* **What you are asked to do**
Pictures in the data should be dropped; transcribe exactly the lines from the one that has "비벼먹는 '놀부 카레부대찌개'" through the one that has "Todos os dados".

* **Given information**
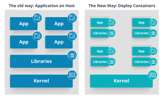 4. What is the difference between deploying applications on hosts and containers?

==

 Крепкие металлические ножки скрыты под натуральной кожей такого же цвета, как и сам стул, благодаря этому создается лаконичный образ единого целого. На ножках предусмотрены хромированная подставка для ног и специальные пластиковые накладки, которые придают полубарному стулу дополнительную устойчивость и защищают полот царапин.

...

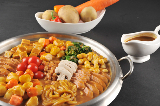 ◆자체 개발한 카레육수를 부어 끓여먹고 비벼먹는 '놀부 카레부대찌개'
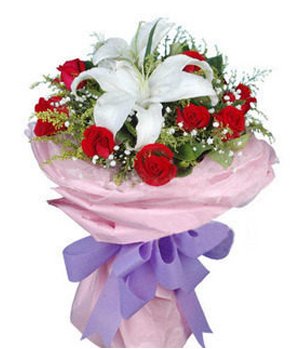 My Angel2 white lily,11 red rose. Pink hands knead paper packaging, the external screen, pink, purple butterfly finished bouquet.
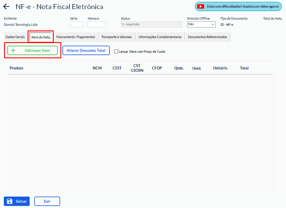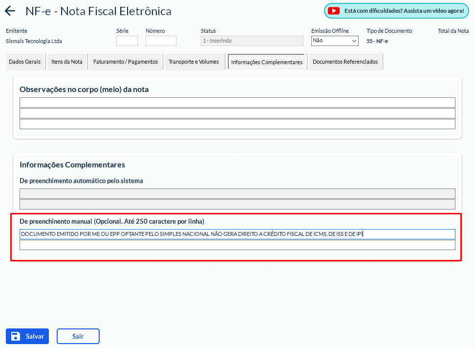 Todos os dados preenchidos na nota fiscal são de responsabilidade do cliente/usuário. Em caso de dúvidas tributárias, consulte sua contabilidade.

* **Task output**
 ◆자체 개발한 카레육수를 부어 끓여먹고 비벼먹는 '놀부 카레부대찌개'
 My Angel2 white lily,11 red rose. Pink hands knead paper packaging, the external screen, pink, purple butterfly finished bouquet.
 Todos os dados preenchidos na nota fiscal são de responsabilidade do cliente/usuário. Em caso de dúvidas tributárias, consulte sua contabilidade.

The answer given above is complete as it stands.